After the index is updated (e.g. in this case because of toggling
CE_WATCHED bits), git sends the new index signature to the file
watcher.

Signed-off-by: Nguyễn Thái Ngọc Duy <pclouds@xxxxxxxxx>
---
 cache.h        |   1 +
 file-watcher.c |  63 +++++++++++++++++++++++++++++++++---
 read-cache.c   | 100 +++++++++++++++++++++++++++++++++++++++++++++++++++++++--
 3 files changed, 157 insertions(+), 7 deletions(-)

diff --git a/cache.h b/cache.h
index bcec29b..8f065ed 100644
--- a/cache.h
+++ b/cache.h
@@ -284,6 +284,7 @@ struct index_state {
 	struct hashmap dir_hash;
 	unsigned char sha1[20];
 	int watcher;
+	struct string_list *updated_entries;
 };
 
 extern struct index_state the_index;
diff --git a/file-watcher.c b/file-watcher.c
index 3a54168..369af37 100644
--- a/file-watcher.c
+++ b/file-watcher.c
@@ -3,6 +3,7 @@
 #include "parse-options.h"
 #include "exec_cmd.h"
 #include "file-watcher-lib.h"
+#include "string-list.h"
 #include "pkt-line.h"
 
 static const char *const file_watcher_usage[] = {
@@ -11,6 +12,8 @@ static const char *const file_watcher_usage[] = {
 };
 
 static char index_signature[41];
+static struct string_list updated = STRING_LIST_INIT_DUP;
+static int updated_sorted;
 
 static int watch_path(char *path)
 {
@@ -23,6 +26,37 @@ static int watch_path(char *path)
 	return -1;
 }
 
+static void reset(void)
+{
+	string_list_clear(&updated, 0);
+	index_signature[0] = '\0';
+}
+
+static void send_status(int fd, struct sockaddr_un *sun)
+{
+	struct strbuf sb = STRBUF_INIT;
+	int i, size;
+	socklen_t vallen = sizeof(size);
+	if (getsockopt(fd, SOL_SOCKET, SO_SNDBUF, &size, &vallen))
+		die_errno("could not get SO_SNDBUF from socket %d", fd);
+
+	strbuf_grow(&sb, size);
+	strbuf_addstr(&sb, "new ");
+
+	for (i = 0; i < updated.nr; i++) {
+		int len = strlen(updated.items[i].string) + 4;
+		if (sb.len + len >= size) {
+			send_watcher(fd, sun, "%s", sb.buf);
+			strbuf_reset(&sb);
+			strbuf_addstr(&sb, "new ");
+		}
+		packet_buf_write(&sb, "%s", updated.items[i].string);
+	}
+	strbuf_addstr(&sb, "0000");
+	send_watcher(fd, sun, "%s", sb.buf);
+	strbuf_release(&sb);
+}
+
 static void watch_paths(char *buf, int maxlen,
 			int fd, struct sockaddr_un *sock)
 {
@@ -40,6 +74,19 @@ static void watch_paths(char *buf, int maxlen,
 	send_watcher(fd, sock, "fine %d", n);
 }
 
+static void remove_updated(const char *path)
+{
+	struct string_list_item *item;
+	if (!updated_sorted) {
+		sort_string_list(&updated);
+		updated_sorted = 1;
+	}
+	item = string_list_lookup(&updated, path);
+	if (!item)
+		return;
+	unsorted_string_list_delete_item(&updated, item - updated.items, 0);
+}
+
 static int handle_command(int fd)
 {
 	struct sockaddr_un sun;
@@ -53,11 +100,17 @@ static int handle_command(int fd)
 	if ((arg = skip_prefix(msg, "hello "))) {
 		send_watcher(fd, &sun, "hello %s", index_signature);
 		if (strcmp(arg, index_signature))
-			/*
-			 * Index SHA-1 mismatch, something has gone
-			 * wrong.
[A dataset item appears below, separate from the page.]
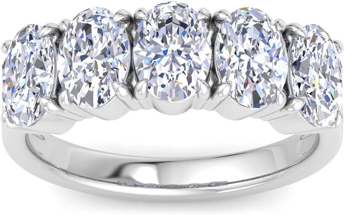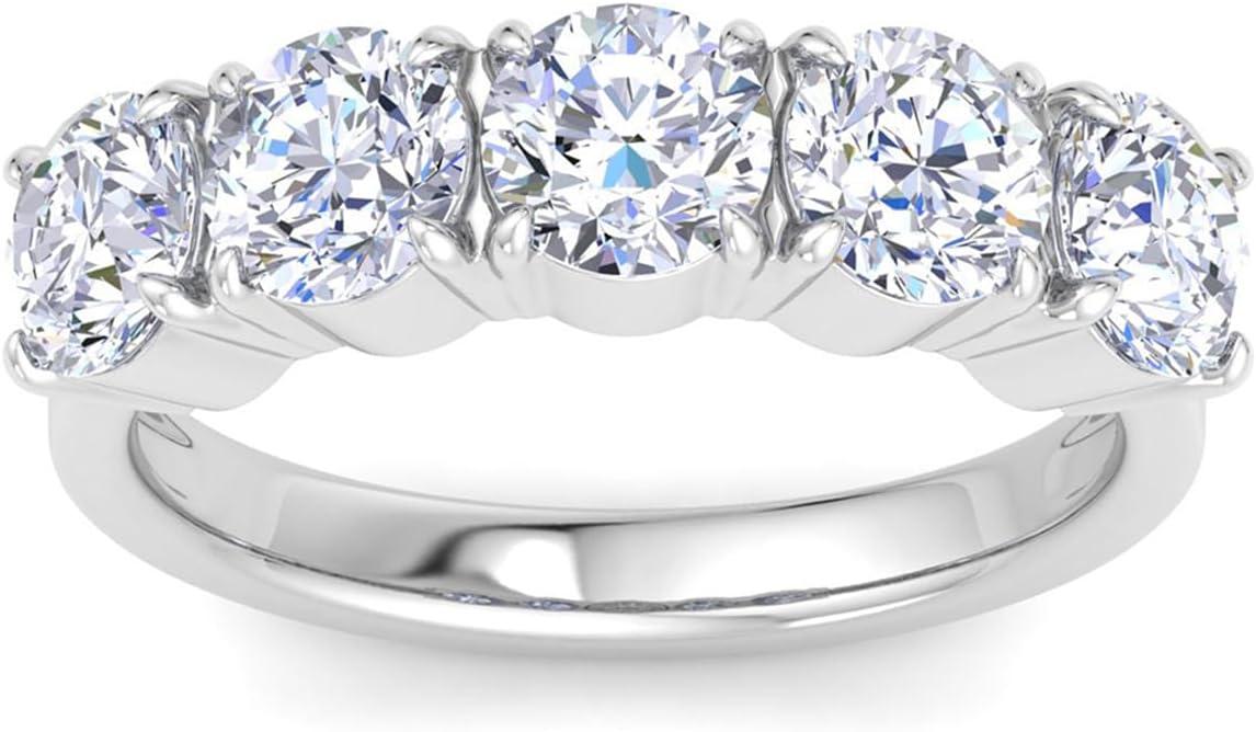 Martha Stewart 3 Carat Lab Grown Diamond Ring, Five Stone Diamond Engagement Ring in 14 Karat Gold(white-gold)

Clean up and start over.
-			 */
-			index_signature[0] = '\0';
+			reset();
+	} else if ((arg = skip_prefix(msg, "clear"))) {
+		reset();
+	} else if (!strcmp(msg, "status")) {
+		send_status(fd, &sun);
+	} else if ((arg = skip_prefix(msg, "bye "))) {
+		strlcpy(index_signature, arg, sizeof(index_signature));
+	} else if ((arg = skip_prefix(msg, "forget "))) {
+		int len = strlen(index_signature);
+		if (!strncmp(arg, index_signature, len) && arg[len] == ' ')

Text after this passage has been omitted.